■ Material provided ■
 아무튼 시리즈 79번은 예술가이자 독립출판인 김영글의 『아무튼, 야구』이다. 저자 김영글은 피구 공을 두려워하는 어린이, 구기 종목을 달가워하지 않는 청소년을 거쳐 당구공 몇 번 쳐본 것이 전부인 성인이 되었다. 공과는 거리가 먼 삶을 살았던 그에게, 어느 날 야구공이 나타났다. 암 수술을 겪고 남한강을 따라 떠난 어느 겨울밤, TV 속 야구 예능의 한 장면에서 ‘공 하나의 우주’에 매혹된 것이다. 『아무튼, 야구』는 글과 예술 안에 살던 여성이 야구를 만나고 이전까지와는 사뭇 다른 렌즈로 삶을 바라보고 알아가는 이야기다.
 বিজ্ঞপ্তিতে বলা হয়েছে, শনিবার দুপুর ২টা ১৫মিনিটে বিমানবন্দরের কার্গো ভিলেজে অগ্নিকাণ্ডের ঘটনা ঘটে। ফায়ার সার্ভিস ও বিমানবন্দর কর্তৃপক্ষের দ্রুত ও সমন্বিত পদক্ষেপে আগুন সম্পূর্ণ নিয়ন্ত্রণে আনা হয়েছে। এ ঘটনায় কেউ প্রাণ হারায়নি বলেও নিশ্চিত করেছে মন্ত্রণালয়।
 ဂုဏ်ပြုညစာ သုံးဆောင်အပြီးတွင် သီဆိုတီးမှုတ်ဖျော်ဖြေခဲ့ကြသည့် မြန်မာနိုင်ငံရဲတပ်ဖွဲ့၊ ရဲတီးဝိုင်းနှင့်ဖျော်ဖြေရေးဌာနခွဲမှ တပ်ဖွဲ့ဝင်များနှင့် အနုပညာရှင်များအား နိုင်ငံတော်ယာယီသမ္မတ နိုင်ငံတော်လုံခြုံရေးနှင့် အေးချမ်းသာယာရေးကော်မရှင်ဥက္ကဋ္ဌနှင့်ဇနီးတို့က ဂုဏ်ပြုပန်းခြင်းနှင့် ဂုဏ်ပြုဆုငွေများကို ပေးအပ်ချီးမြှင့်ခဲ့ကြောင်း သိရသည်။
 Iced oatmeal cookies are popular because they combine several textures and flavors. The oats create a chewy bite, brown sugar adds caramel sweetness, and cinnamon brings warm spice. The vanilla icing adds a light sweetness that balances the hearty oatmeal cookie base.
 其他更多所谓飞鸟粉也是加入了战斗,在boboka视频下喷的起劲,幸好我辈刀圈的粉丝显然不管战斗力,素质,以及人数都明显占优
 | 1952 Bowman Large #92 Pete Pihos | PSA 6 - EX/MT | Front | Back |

■ Task prompt ■
Word for word, repeat the lines that begin at the one with "Iced oatmeal cookies" and continue to the end of the listing above.

■ Result for this task ■
 Iced oatmeal cookies are popular because they combine several textures and flavors. The oats create a chewy bite, brown sugar adds caramel sweetness, and cinnamon brings warm spice. The vanilla icing adds a light sweetness that balances the hearty oatmeal cookie base.
 其他更多所谓飞鸟粉也是加入了战斗,在boboka视频下喷的起劲,幸好我辈刀圈的粉丝显然不管战斗力,素质,以及人数都明显占优
 | 1952 Bowman Large #92 Pete Pihos | PSA 6 - EX/MT | Front | Back |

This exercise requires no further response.